What would chips be without ketchup, or a hotdog without mustard? Boring, that’s what. But what’s even more boring is dripping a fat clump of sauce all over your jacket as you tuck into some tasty junk-food. The cheaper the sauce, the harder it’ll stain, but worry not – help is at hand.

  • Sauces, mustards and ketchup stains You need detergent, stain remover and bleach. Soak the stain in colour-safe bleach before washing it in warm water and detergent. If the stain just won’t go away, apply stain-remover, and wash normally in warm water.

There’s nothing quite like a full cup of red wine after a long days work. It helps to calm the nerves, and relax the mind. But sometimes accidents happen, and a half full glass of wine is now a completely empty one, all over your brand-new Persian rug.

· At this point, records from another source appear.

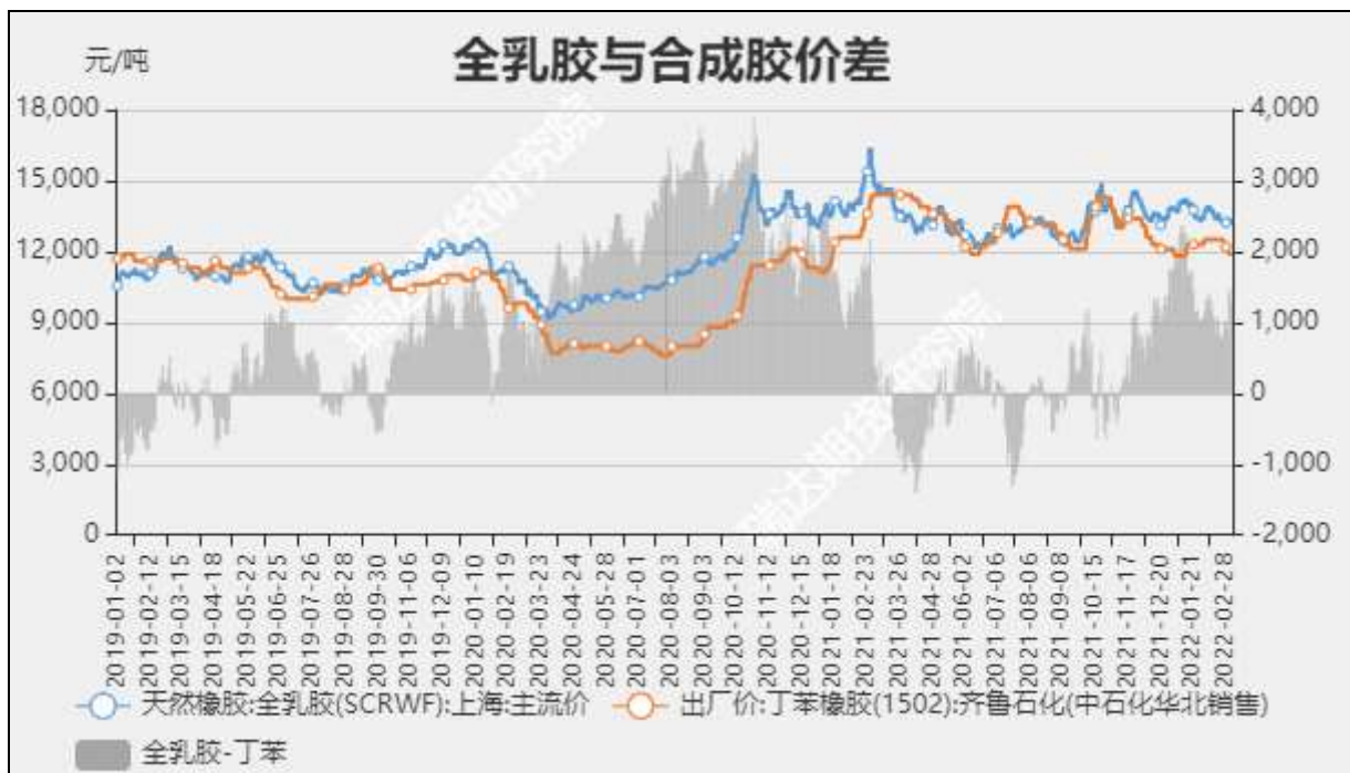
图9 全乳胶与合成胶价差

截至3月11日，华北市场丁苯橡胶12800元/吨，较上周+900元/吨；华北市场顺丁橡胶报13600元/吨，较上周+800元/吨。
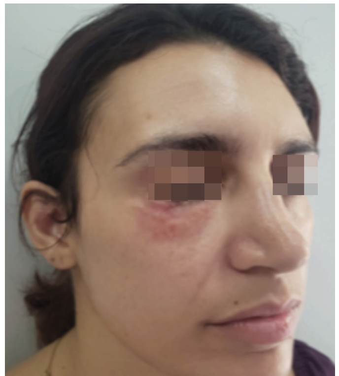
FIGURA 4: Resultado após quatro abordagens cirúrgicas

A bleomicina, pela experiência com queloides e cicatrizes hipertróficas, também pode funcionar em granulomas. Os corticoides sistêmicos devem ser usados para granulomas recorrentes. As doses devem ser maiores do que as usadas em injeções
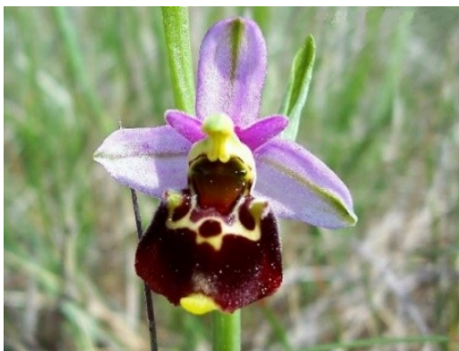
Slika 71. Ophrys fuciflora Haller

Opis: listovi su joj ovalni i ušiljeni. Cvjetovi su jednospolni i pojedinačni koji cvjetaju od travnja do lipnja. Plod je tobolac. Biljka raste na travnjacima na vapnenastim tlima (Žitković 2009).
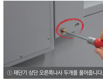
① 재단기 상단 오른쪽나사 두개를 풀어줍니다.
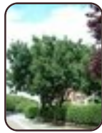
Osmanthe de Burkwood Schaerbeek Boulevard Lambermont, 374
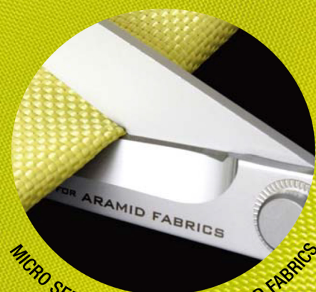
MICRO SERRATED EDGE FOR ARAMID FABRICS

  • Wine stains You need white wine, soda water, glycerine and salt. If the stain is still wet, cover it in salt, and rinse it off in 5 minutes – don’t rub the salt in. If the stain is older, soak it in white wine to prevent it setting, and repeat the salting process. White wine is easier to take care of. For a fresh stain, absorb as much of the stain as possible with a cloth, then soak in soda water and wash normally. For a dried stain, mix two parts water to one part glycerine, soak the stain with this mixture, then wash normally.

General tips

  • Labels exist for a reason – and it’s not just to reflect your bank balance. Some materials have specific washing instructions, and if you don’t follow them, you could ruin the garment. Always check the inside labels before washing a delicate item of any kind.
  • If you haven’t spotted the stain right away, you could be in trouble. Tumble drying or ironing can permanently set the stain, so make sure to check all your clothing before washing.
  • Always wash in the hottest temperature allowed by the fabrics inner label.
  • If stains are stubborn, don’t give up – repeating the removal process will usually work.
  • According to the severity of the stain and the nature of the fabric, soak the area for as long as possible before washing.